Interesting to watch stuff melt down, eh? Yikes! Hang on to your hats.

After considering for a few days the reality of the matter-looking at what is the single greatest cause of my currently unsustainable lifestyle I am forced to come to a very important conclusion. The single greatest impact to the ecology and the single greatest obstacle to achieving "sustainability" is this--my employment. It is my driving to work, and the work that I do, that accounts for perhaps 80 percent of my negative ecological impact. If I could eliminate that, and somehow survive a pastoral existence on my own property, my total impact would plummet and be well within long term survivable limits.

It's not an easy conclusion, especially because I commute less than most, drive a much less consumptive vehicle than most, work in an extremely conscientious manner, and simply try to take on the lowest impact projects, using and reclaiming where-ever possible. I think it's going to be a pretty typical conclusion--I think for most people that which they do to make a living is far and away the most damaging and damning thing they do.

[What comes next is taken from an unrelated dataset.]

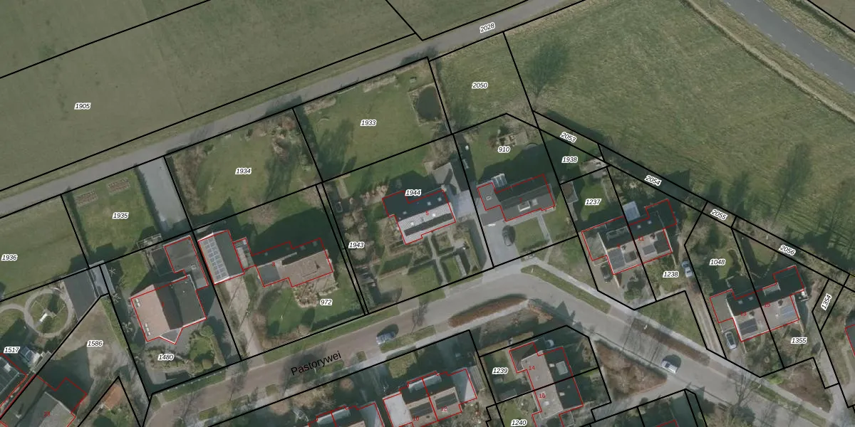 Het perceel waarop Pastorywei 5 staat heeft een oppervlakte van 1041 m². Dit is een zeer groot perceel. De perceeloppervlakte wordt geregistreerd door het Kadaster. Gedetailleerde informatie over de maten van dit perceel kunt u vinden in het rapport Kadastrale kaart met maatvoering van Pastorywei 5.
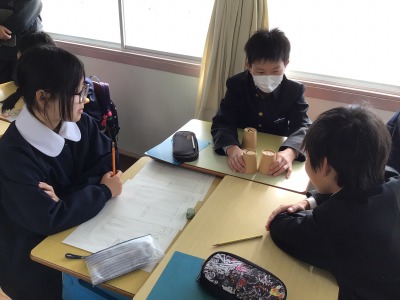 カップとボールを使った「確率」の授業でした。小学校の算数科で学んだ「場合の数」を発展させたような学習を体験させていただきました。

As difficult and preposterous as it may seem, I see really no way to achieve anything approaching sustainability without forgoing employment. This, of course, doesn't mean that one won't work. I expect the workload may well be much higher than we expect. I am simply recognizing the the model of "buy gas and clothes, drive to work, earn 200 dollars, pay mortgage, health insurance, go to the grocery story, buy food, etc.," may be vastly and inherently less efficient and effectual than the model of "work in the garden, and pick something for dinner."

But of course life is more complicated than potatoes for dinner. It is very difficult to avoid taxes, fees, and services unless one takes on a very radical lifestyle--and thus necessarily a lifestyle of alienation, isolation and exclusion. Currently, the very real lack of community that one will enjoy once on takes real and meaningful steps towards a simply lifestyle is in reality probably the biggest obstacle. I think a lot of people would be much more encouraged to actively scale back if they didn't feel, rightly, that they had to go it alone. Most of our social activities revolve around consumption. . .this needs to change!

Still, I think it's very important to note that in many cases and for most people it may cost 90 dollars to earn 100, and the real cost of living simply may be far less than one imagines, once one has finally crossed the "hump" and finally DOES live simply. To try to have feet in both worlds, earning a living and suffering deprivation isn't simplicity, that's simple poverty, and certainly not what we're trying to accomplish.